*** Begin section ***

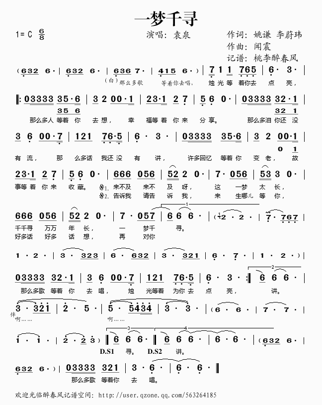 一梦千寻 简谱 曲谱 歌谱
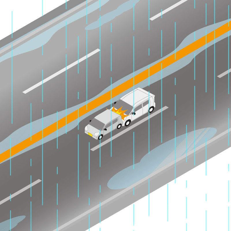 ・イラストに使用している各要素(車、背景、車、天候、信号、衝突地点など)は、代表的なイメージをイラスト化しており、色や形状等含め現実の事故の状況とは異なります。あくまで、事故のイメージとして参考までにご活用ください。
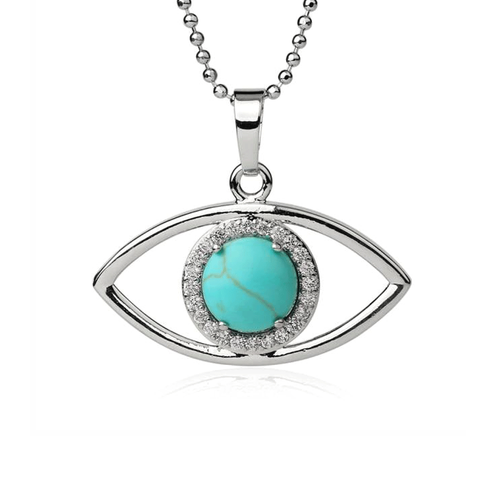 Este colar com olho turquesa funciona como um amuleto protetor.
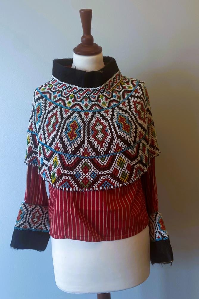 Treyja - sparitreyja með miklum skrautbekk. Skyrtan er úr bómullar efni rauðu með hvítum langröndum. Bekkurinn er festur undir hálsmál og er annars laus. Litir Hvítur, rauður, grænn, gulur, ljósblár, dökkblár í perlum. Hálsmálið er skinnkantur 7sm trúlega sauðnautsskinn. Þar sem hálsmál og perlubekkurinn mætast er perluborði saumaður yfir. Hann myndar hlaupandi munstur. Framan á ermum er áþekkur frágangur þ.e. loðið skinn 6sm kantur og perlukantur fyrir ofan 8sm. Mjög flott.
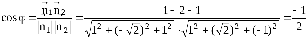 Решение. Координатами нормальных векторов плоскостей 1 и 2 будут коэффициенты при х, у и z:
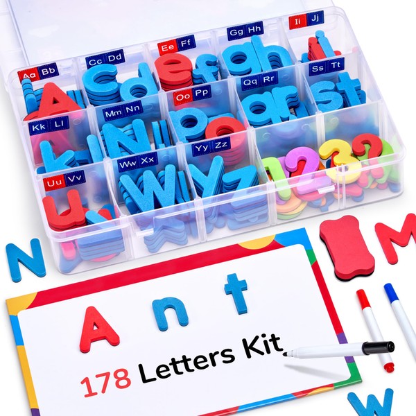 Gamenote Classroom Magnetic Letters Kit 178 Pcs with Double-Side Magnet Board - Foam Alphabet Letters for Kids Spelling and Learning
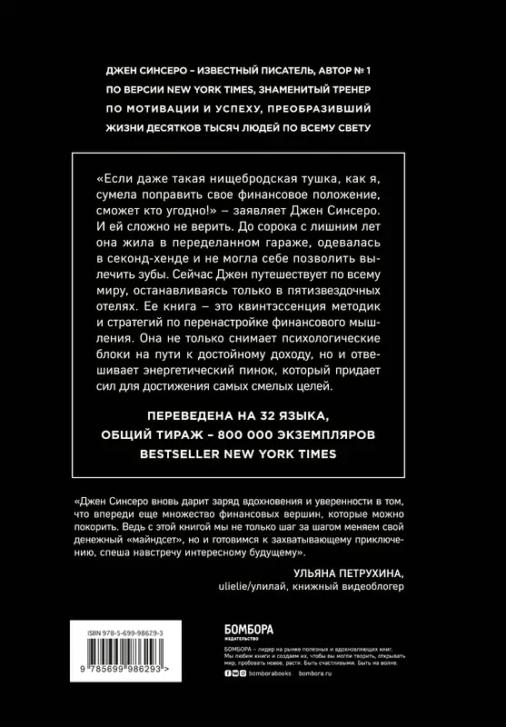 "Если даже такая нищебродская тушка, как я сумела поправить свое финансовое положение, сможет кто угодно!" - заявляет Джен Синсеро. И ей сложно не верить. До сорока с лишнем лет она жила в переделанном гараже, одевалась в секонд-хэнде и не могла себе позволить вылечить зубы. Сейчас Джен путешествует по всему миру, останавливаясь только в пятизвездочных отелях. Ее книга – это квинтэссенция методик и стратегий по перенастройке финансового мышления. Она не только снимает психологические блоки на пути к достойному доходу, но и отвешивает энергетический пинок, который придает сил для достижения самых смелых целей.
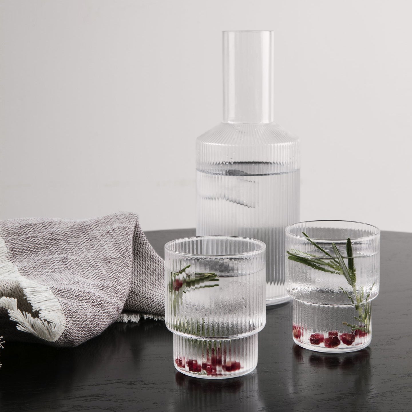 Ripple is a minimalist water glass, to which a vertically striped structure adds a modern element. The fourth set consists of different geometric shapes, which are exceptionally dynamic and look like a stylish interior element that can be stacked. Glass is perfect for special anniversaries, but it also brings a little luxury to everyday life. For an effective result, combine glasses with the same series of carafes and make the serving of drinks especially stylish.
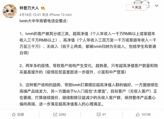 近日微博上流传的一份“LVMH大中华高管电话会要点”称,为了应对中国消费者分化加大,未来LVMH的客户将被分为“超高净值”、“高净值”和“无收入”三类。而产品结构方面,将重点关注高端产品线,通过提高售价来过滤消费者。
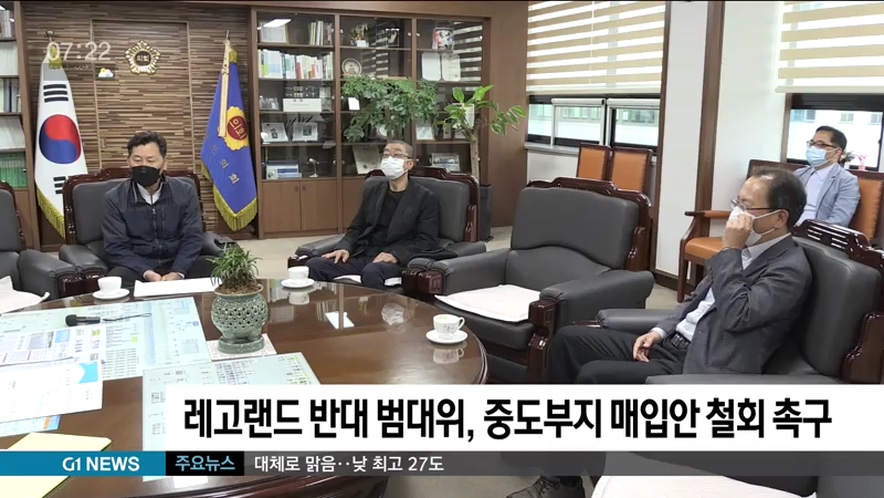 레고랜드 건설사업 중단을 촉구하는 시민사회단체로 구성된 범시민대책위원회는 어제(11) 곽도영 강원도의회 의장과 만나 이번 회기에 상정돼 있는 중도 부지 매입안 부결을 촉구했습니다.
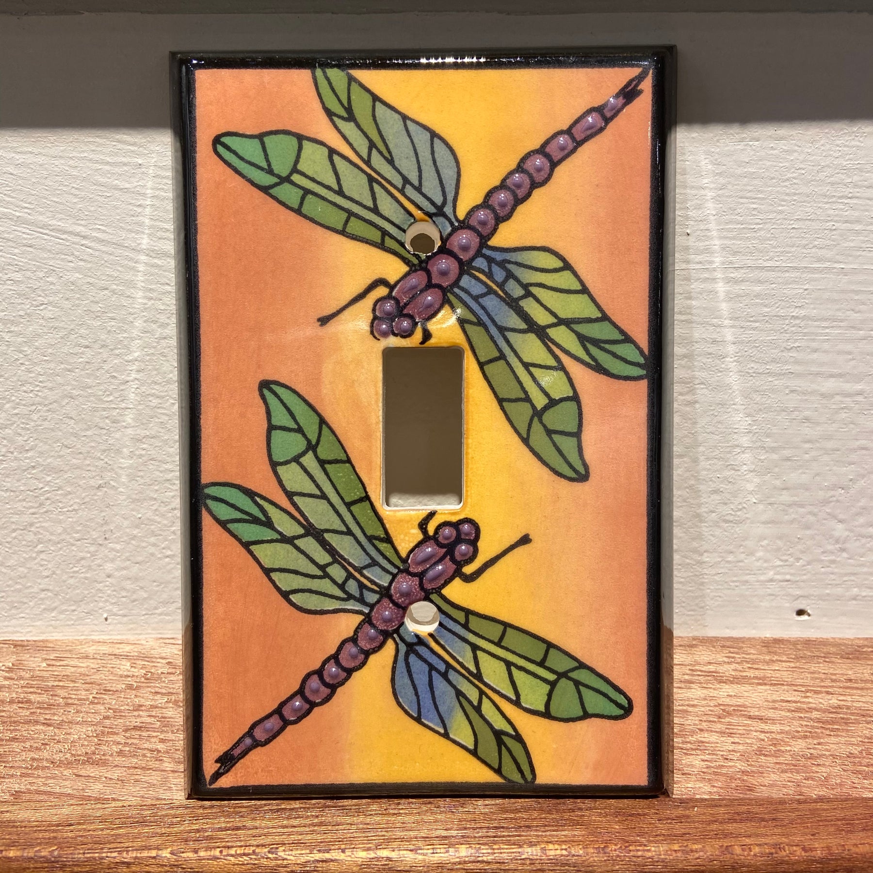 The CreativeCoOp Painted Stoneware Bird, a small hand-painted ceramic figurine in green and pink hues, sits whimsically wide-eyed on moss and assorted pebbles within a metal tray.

*** End section ***
*** Begin section ***

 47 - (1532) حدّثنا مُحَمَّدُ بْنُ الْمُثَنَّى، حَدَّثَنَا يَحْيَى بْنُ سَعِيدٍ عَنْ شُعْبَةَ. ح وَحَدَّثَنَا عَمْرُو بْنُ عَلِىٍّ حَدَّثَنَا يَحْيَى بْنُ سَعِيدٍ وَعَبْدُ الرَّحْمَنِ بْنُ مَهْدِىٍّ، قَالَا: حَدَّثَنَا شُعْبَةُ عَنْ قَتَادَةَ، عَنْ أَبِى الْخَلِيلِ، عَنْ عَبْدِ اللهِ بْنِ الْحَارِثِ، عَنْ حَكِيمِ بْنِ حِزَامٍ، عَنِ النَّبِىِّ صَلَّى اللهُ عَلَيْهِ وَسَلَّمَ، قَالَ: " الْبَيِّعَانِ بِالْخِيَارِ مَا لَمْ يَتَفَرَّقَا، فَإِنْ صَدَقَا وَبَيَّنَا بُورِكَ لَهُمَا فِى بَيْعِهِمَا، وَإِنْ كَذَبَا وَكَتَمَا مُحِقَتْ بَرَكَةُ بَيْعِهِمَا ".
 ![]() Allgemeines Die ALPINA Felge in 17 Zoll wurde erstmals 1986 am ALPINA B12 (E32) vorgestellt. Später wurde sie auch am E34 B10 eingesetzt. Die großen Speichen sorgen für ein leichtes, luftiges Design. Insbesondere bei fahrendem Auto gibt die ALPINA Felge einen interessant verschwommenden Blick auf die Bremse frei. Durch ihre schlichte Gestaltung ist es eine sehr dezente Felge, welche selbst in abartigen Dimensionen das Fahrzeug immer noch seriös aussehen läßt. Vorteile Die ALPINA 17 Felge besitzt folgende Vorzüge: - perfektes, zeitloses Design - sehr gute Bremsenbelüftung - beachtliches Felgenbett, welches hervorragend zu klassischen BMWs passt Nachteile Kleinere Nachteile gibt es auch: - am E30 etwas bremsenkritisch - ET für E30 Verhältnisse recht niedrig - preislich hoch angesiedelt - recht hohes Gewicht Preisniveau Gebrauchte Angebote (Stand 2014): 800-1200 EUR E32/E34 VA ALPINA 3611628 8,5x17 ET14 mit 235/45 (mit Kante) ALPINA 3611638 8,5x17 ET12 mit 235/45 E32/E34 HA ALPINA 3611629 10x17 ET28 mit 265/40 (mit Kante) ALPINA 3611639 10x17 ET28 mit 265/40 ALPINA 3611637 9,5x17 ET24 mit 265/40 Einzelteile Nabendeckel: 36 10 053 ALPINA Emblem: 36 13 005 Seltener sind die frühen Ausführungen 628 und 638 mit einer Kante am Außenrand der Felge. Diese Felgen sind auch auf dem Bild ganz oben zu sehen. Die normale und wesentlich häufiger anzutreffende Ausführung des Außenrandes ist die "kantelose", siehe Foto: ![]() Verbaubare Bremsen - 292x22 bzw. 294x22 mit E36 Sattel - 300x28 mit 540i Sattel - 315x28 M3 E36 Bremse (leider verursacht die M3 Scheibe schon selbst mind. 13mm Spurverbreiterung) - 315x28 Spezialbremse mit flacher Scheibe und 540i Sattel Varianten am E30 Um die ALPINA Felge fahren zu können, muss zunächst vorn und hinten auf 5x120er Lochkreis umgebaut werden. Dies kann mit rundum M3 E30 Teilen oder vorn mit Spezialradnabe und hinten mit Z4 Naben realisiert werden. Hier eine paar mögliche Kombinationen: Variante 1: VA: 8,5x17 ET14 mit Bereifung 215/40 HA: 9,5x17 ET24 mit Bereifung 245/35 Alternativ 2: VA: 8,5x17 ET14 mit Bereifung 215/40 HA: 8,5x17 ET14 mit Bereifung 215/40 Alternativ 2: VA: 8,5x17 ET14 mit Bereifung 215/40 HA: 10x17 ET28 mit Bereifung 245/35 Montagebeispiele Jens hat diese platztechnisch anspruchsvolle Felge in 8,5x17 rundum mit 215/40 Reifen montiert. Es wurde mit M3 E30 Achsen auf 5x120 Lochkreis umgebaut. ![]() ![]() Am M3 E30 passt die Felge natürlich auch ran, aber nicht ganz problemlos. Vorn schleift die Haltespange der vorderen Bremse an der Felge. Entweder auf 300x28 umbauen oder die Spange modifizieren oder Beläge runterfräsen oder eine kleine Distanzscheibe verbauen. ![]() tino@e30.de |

*** End section ***

Aim of the exercise :: Exercise for the records above: copy only the lines from the one with "Este colar com" to the one with "Gamenote Classroom Magnetic", both ends kept, and drop the pictures.

Response ::
 Este colar com olho turquesa funciona como um amuleto protetor.
 Treyja - sparitreyja með miklum skrautbekk. Skyrtan er úr bómullar efni rauðu með hvítum langröndum. Bekkurinn er festur undir hálsmál og er annars laus. Litir Hvítur, rauður, grænn, gulur, ljósblár, dökkblár í perlum. Hálsmálið er skinnkantur 7sm trúlega sauðnautsskinn. Þar sem hálsmál og perlubekkurinn mætast er perluborði saumaður yfir. Hann myndar hlaupandi munstur. Framan á ermum er áþekkur frágangur þ.e. loðið skinn 6sm kantur og perlukantur fyrir ofan 8sm. Mjög flott.
 Решение. Координатами нормальных векторов плоскостей 1 и 2 будут коэффициенты при х, у и z:
 Gamenote Classroom Magnetic Letters Kit 178 Pcs with Double-Side Magnet Board - Foam Alphabet Letters for Kids Spelling and Learning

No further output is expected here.